● INFORMATION
=== Begin Enclosure ===

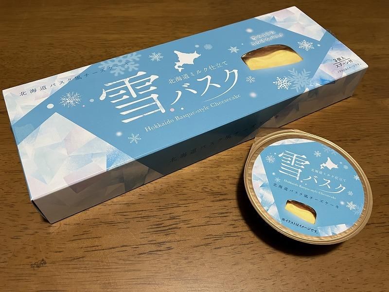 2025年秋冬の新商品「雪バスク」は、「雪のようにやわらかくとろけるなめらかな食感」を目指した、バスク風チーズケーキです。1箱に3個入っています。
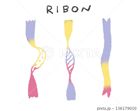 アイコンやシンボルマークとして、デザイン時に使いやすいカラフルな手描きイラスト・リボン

=== End Enclosure ===
=== Begin Enclosure ===

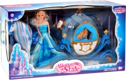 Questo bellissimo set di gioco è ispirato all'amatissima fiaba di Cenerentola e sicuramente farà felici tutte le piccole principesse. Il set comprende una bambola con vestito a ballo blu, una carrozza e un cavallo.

=== End Enclosure ===

● PROMPT
An exact copy of the lines above from the one with "2025年秋冬の新商品「雪バ" up to and including the one with "アイコンやシンボルマークとし" is required; reproduce only those lines, omitting all pictures.

● FINAL ANSWER
 2025年秋冬の新商品「雪バスク」は、「雪のようにやわらかくとろけるなめらかな食感」を目指した、バスク風チーズケーキです。1箱に3個入っています。
 アイコンやシンボルマークとして、デザイン時に使いやすいカラフルな手描きイラスト・リボン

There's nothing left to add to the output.